Not Recommended: Intrusion into the R Server
Supposed, you installed a server for the above mentioned “inside-out scenario”. In theory (and so far I have no reason to recommend it) you could work directly with this R server to create your R applications: just log on to R server, use packages like RODBC to perform ETL, execution of DDL and other commands. This could be done by establishing an ODBC connection:
connection <- odbcConnect(“hana”, uid=”system”, pwd=”secret”)
But again, I don’t recommend it for many reasons:
- complexity, especially if you have dedicated application logic on R servers in file systems and workspaces
- integration problems: if those artifacts should be accessible from HANA in inside-out calls as well, then this is a deep intrusion into the system and you would have to use undocumented features.
I have to admit that I have no experience with this scenario.
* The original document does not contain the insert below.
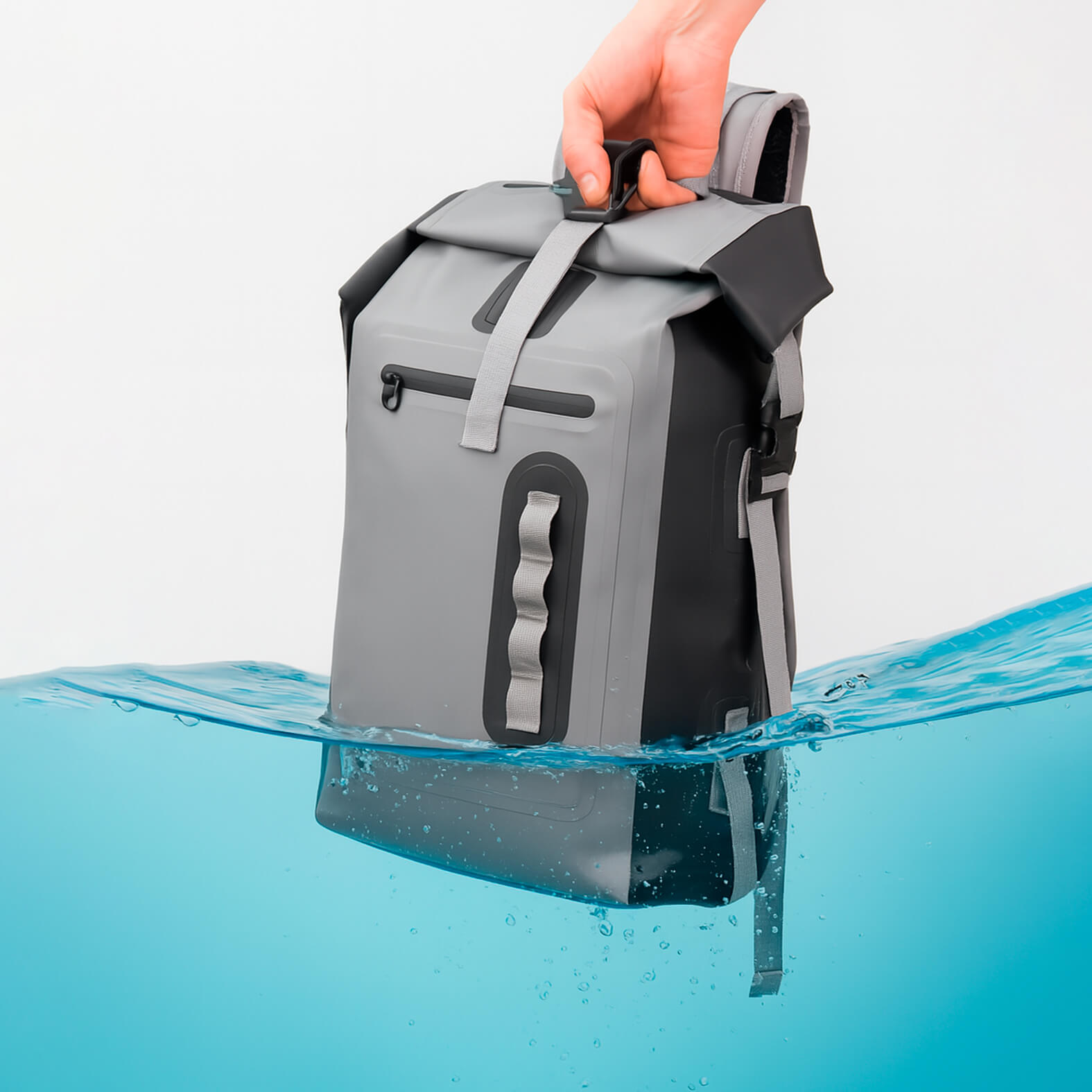 Hielera tipo backpack enrollable con broche bolsa frontal con cierre y correas ajustables.
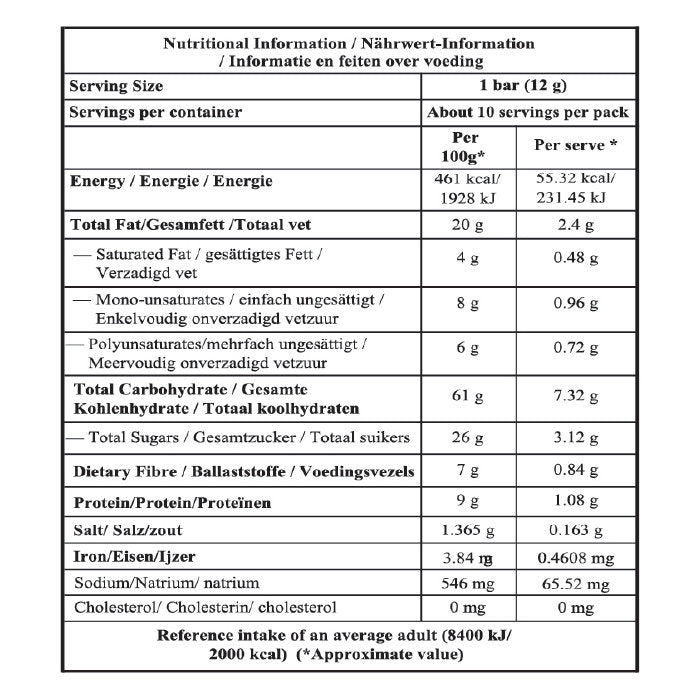 Contains Peanuts, Sesame seeds. May contain Wheat, Treenuts , Soy & Milk.

I consider it possible to work this way but it seems to be reasonable and only experts could work that way. Moreover sooner or later you will need additional R packages like RHANA which is up to my knowledge not officially released for SAP customers. So unless you don’t have solutions for above mentioned problems (which I don’t have) I can’t recommend it.
At the moment the “Outside-In” scenario works fine for me. I work like described in the beginning of the blog. But instead of working with flat files containing the data I can access the HANA directly. The only thing I have to take care of are that the data size transferred to the R studio on my PC can be huge. There are special R libraries that can deal with massive data, but this topic for another topic. In fact this is not rocket science since R is very open and can import data from many sources and there
In blog entry I described the two integration scenarios of HANA and R. The “Outside-In” approach is a no rocket science – fetching data from databases is a best practice. The “Inside-Out” approach is far more interesting. I consider as promising
- visualization of Calculation Views using R operators in Fiori Apps using APF: http://scn.sap.com/community/developer-center/front-end/blog/2015/04/01/analysis-path-framework-a-hidden-gem-for-creating-awesome-analytical-apps
- best practices to work with massive data in R
- analytical business rules that are called from SAP Decision Service Management.
- Using R for advanced calculations like optimization: https://cran.r-project.org/web/views/Optimization.html
But those are topics for other blogs.